I am trying to build a Tensorflow example with a simple multl-layer
perceptron (MLP) functionality with one hidden layer. However, when I tested it and compared to other software e.g. Kaldi nnet1, the convergence during the training is not efficient, or cannot be comparable to Kaldi nnet1. I tried my best to make all the parameters the same (input, int target, batch size, learning rate, etc.), however, still confused where could be the reasons. Some pieces of codes are as follows:
Initialization:
self.weight = [tf.Variable(tf.truncated_normal([440, 8192],stddev=0.1))]
self.bias = [tf.Variable(tf.constant(0.01, shape=8192))]
self.weight.append( tf.Variable(tf.truncated_normal([8192, 8],stddev=0.1)) )
self.bias.append( tf.Variable(tf.constant(0.01, shape=8)) )
self.act = [tf.nn.sigmoid( tf.matmul(self.input, self.weight[0]) + self.bias[0] )]
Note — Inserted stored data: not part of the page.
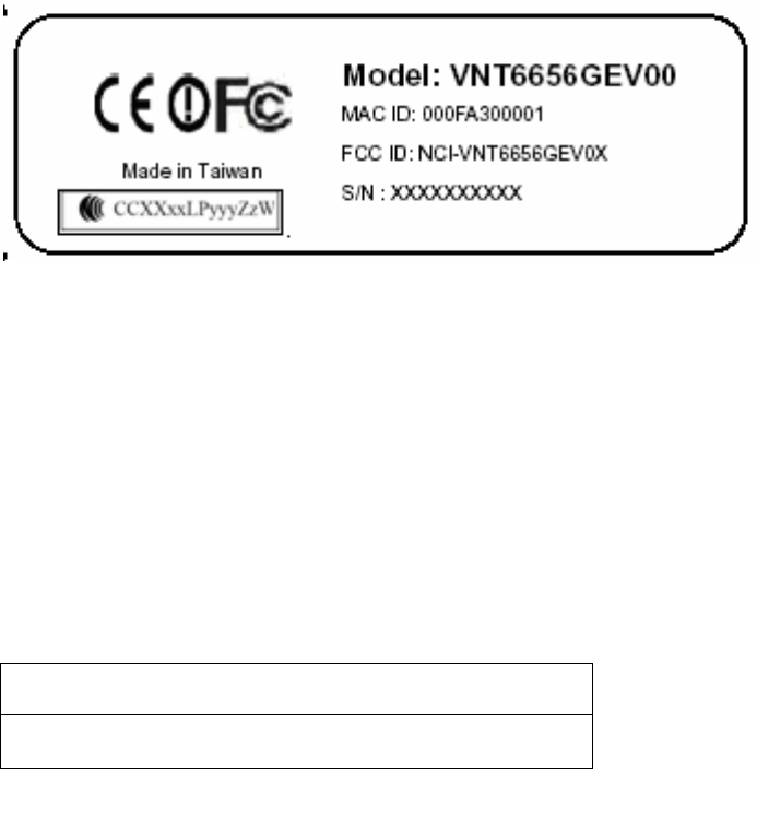 VNT6656GEV00 may only be used to identify WLAN products of VIA Technologies, Inc.
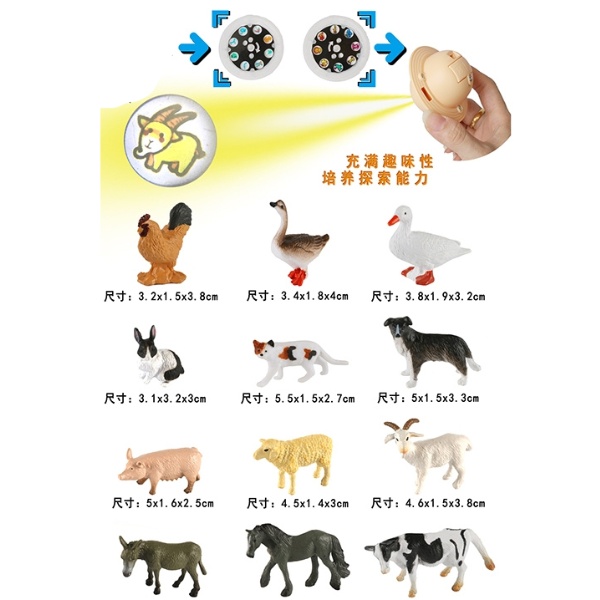 Setul include diverse animale domestice și un proiector care permite afișarea siluetelor lor pe perete sau tavan.
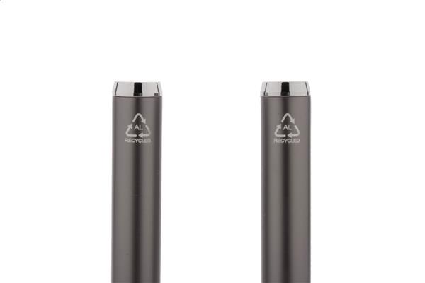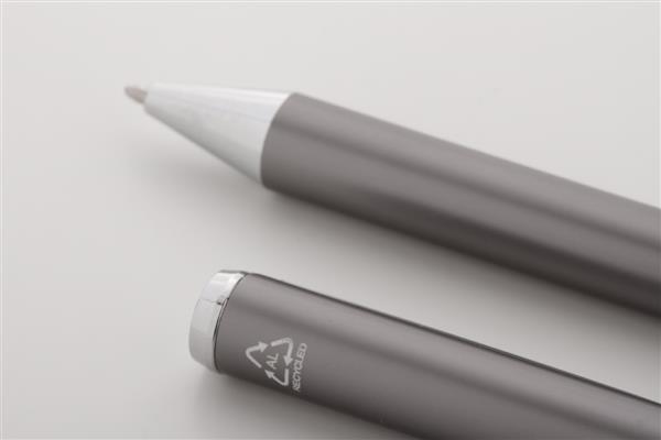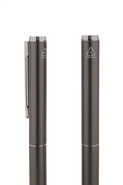 Zestaw piśmienniczy z aluminium pochodzącego z recyklingu, składający się pióra kulkowego i długopisu w pudełku upominkowym z czarnego papieru. Z niebieskim wkładem.
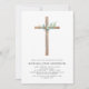 Sage Green Boy's Eucalyptus and Wooden Cross Botanical Greenery Watercolor Christian Religious Baptism Invitations.
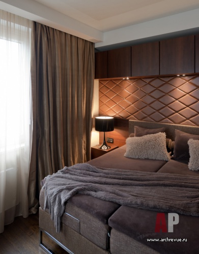 Спальня пуф Baxter; шкафы, стол, балка под экран – индивидуальные изделия; регулируемая ортопедическая кровать Tempur, поставщик «Спальные Системы»
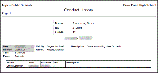 Run the Conduct History report to view all conduct incidents entered for a single student within a date range:
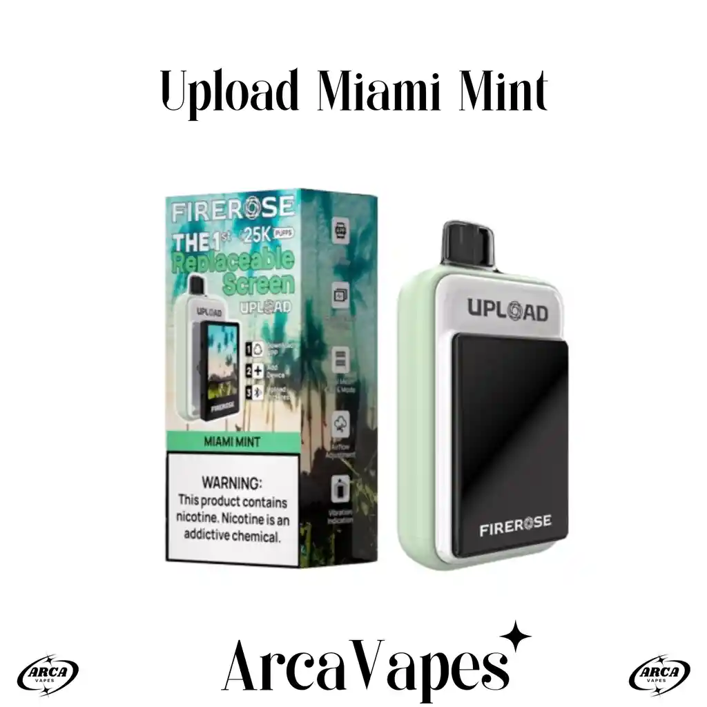 💨 Rendimiento Superior: Hasta 25,000 puffs reales con 20 ml de e‑liquid nic salt al 5%, ofreciendo una experiencia prolongada con golpe de nicotina estable. 🌴❄️ Miami Mint – Sabor Oficial: Menta fresca y limpia con sensación fría tipo brisa de playa, un perfil mentolado suave pero muy refrescante, pensado para quienes aman sabores claros, no dulzones y súper frescos. ⚙️ Tecnología Real del Upload 25K Hasta 25K puffs con calada automática tipo MTL. 20 ml de e‑liquid prellenado con nicotina 5% (50 mg). Batería recargable (aprox. 650–660 mAh) vía USB‑C, optimizada para acompañar la cantidad de puffs. Bobina dual mesh para sabor intenso y vapor suave. Flujo de aire regulable para ajustar la calada más cerrada o más aireada. Dos modos de potencia: Normal y Turbo, para elegir entre calada más relajada o más golpe/vapor. Pantalla HD reemplazable tipo portaretratos, la puedes seguir usando en otros cuerpos Upload. App oficial Firerose Upload para subir fotos/fondos y personalizar la pantalla con tus imágenes. 🎁 Incluye Exclusivo – Condición de Garantía Vape 15K de regalo: ideal como backup o para compartir sin tocar tu Upload Miami Mint principal. Nota importante: el vape de regalo no tiene garantía, solo el Upload 25K principal cuenta con cobertura según las políticas del proveedor/tienda. 👑 Ideal Para Vapers que buscan un Upload 25K Miami Mint con pantalla portaretratos personalizable, alto rendimiento y un perfil de menta fría muy limpio y refrescante, más un 15K extra para la calle, dejando claro que el obsequio va sin garantía.

self.nn_out = tf.matmul(self.act, self.weight[1]) + self.bias[1])
self.nn_softmax = tf.nn.softmax(self.nn_out)
self.nn_tgt = tf.placeholder("int64", shape=[None,])
self.cost_mean = tf.reduce_mean(tf.nn.sparse_softmax_cross_entropy_with_logits(self.nn_out, self.nn_tgt))
self.train_step = tf.train.GradientDescentOptimizer(self.learn_rate).minimize(self.cost_mean)
# saver
self.saver = tf.train.Saver()
self.sess = tf.Session()
self.sess.run(tf.initialize_all_variables())
Training:
for epoch in xrange(20):
feats_tr, tgts_tr = shuffle(feats_tr, tgts_tr, random_state=777)
# restore the exisiting model
ckpt = tf.train.get_checkpoint_state(ckpt_dir)
if ckpt and ckpt.model_checkpoint_path:
self.load(ckpt.model_checkpoint_path)
# mini-batch
tr_loss = []
for idx_begin in range(0,len(feats_tr), 512):
idx_end = idx_begin + batch_size
batch_feats, batch_tgts = feats_tr[idx_begin:idx_end],tgts_tr[idx_begin:idx_end]
_, loss_val = self.sess.run([self.train_step, self.cost_mean], feed_dict = {self.nn_in: batch_feats,
self.nn_tgt: batch_tgts,self.learn_rate: learn_rate})
tr_loss.append(loss_val)
# cross-validation
cv_loss = []
for idx_begin in range(0,len(feats_cv), 512):
idx_end = idx_begin + batch_size
batch_feats, batch_tgts = feats[idx_begin:idx_end],tgts[idx_begin:idx_end]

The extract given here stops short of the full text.